Qualcomm AI Hub Models uses Qualcomm AI Hub Workbench to compile, profile, and evaluate this model. Sign up to run these models on a hosted Qualcomm® device.
Getting Started
There are two ways to deploy this model on your device:
Option 1: Download Pre-Exported Models
Below are pre-exported model assets ready for deployment.
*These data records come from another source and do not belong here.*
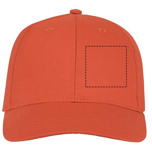 Gestickte Ösen zur Belüftung. Klettverschluss aus Stoff und Schlaufenverschluss. Strukturierte vordere Segmente. Baumwollstoffdetails auf der Innenseite. Kopfumfang: 58 cm.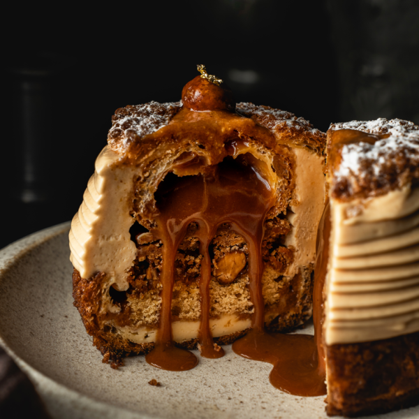 Pâte à choux, generously filled with luxurious whipped hazelnut mousseline, molten hazelnut, and hazelnut biscuit, crowned with a touch of caramelized hazelnut.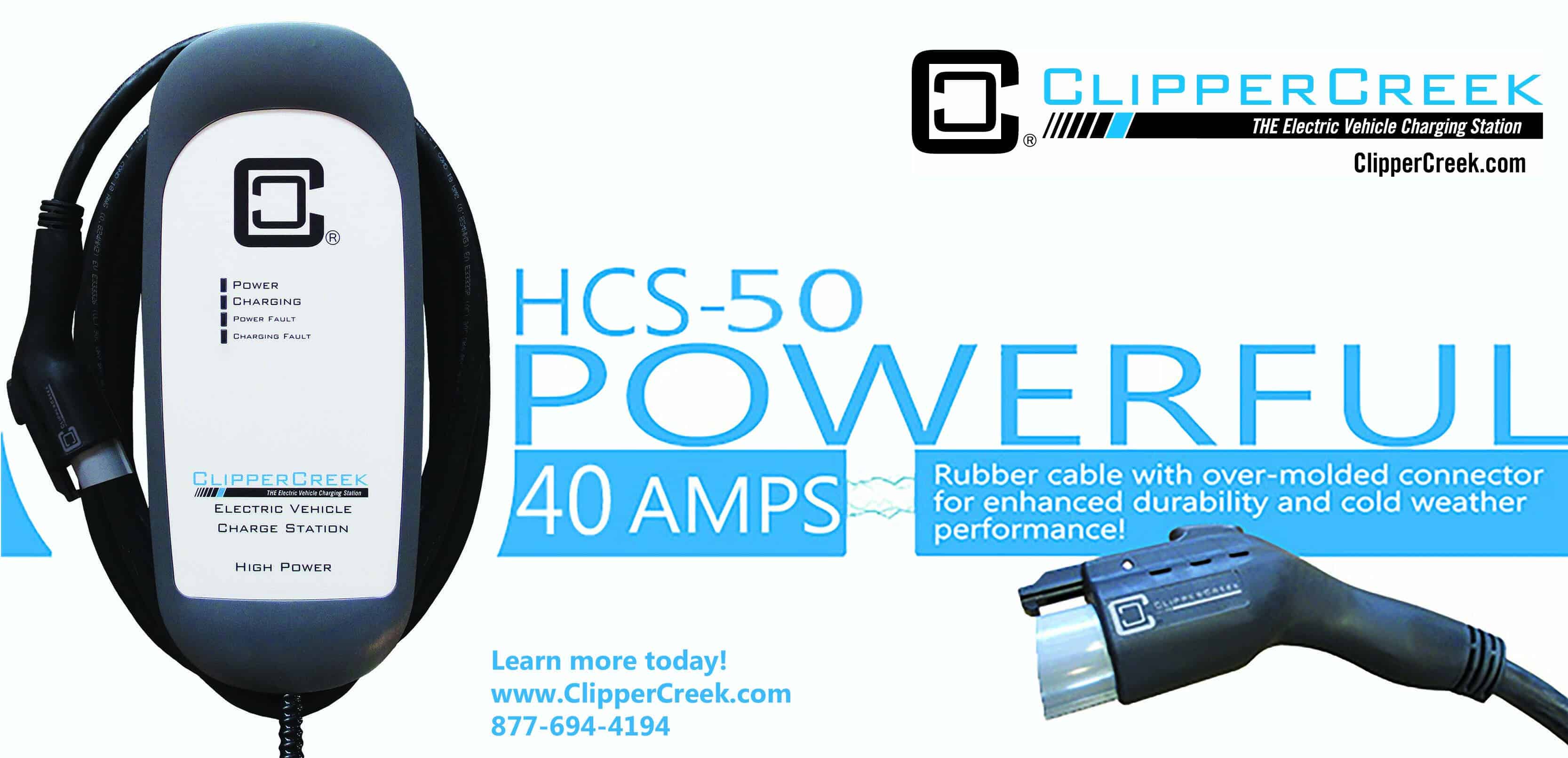 ClipperCreek has added the HCS-50 electric vehicle charging station to their product line. The HCS-50 is a powerful and rugged 40 amp station paired with a highly durable rubber overmolded cable and vehicle connector. The HCS-50 was built to serve the residential and commercial markets and comes with a 3-year warranty, a fully sealed, rugged NEMA 4 station enclosure, and 25 feet of charge cable. It also uses a rubber over-molding to fully seal the connector’s head, an unique feature to ClipperCreek.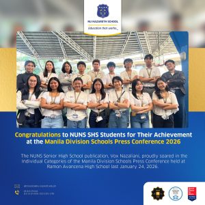 During the Manila Division Schools Press Conference held at Ramon Avancena High School on January 24, 2026, the NUNS Senior High School publication Vox Nazaliani showcased excellence by securing awards in the Individual Categories. Among more than 40 competing schools, our student journalists proved that creativity and credibility shine through every word and line they create. Spearheaded by the school paper adviser, Mr. Bryan Ramirez, MST, together with the SHS SDAO and the coaches, this remarkable achievement reflects the dedication […]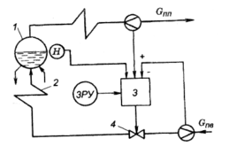 Схема автоматического регулирования. Исходя из требований к регулированию уровня воды в барабане, автоматический регулятор должен обеспечить постоянство среднего уровня независимо от нагрузки котла и других возмущающих воздействий. В переходных режимах изменение уровня происходит довольно быстро, поэтому регулятор питания для обеспечения малых отклонений уровня должен поддерживать постоянство соотношения расходов питательной воды и пара. Эту задачу выполняет трехим-пульсный регулятор, принципиальная схема которого изображена на рис. 12.8. Регулятор 3 перемещает клапан 4 при появлении сигнала небаланса между расходами питательной воды Gn B и пара Сп п.

| Runtime | Precision | Chipset | SDK Versions | Download |
|---|---|---|---|---|
| ONNX | float | Universal | QAIRT 2.42, ONNX Runtime 1.24.1 | Download |
| ONNX | w8a16 | Universal | QAIRT 2.42, ONNX Runtime 1.24.1 | Download |
| QNN_DLC | float | Universal | QAIRT 2.43 | Download |
| QNN_DLC | w8a16 | Universal | QAIRT 2.43 | Download |
| TFLITE | float | Universal | QAIRT 2.43, TFLite 2.17.0 | Download |
For more device-specific assets and performance metrics, visit Mobile-VIT on Qualcomm® AI Hub.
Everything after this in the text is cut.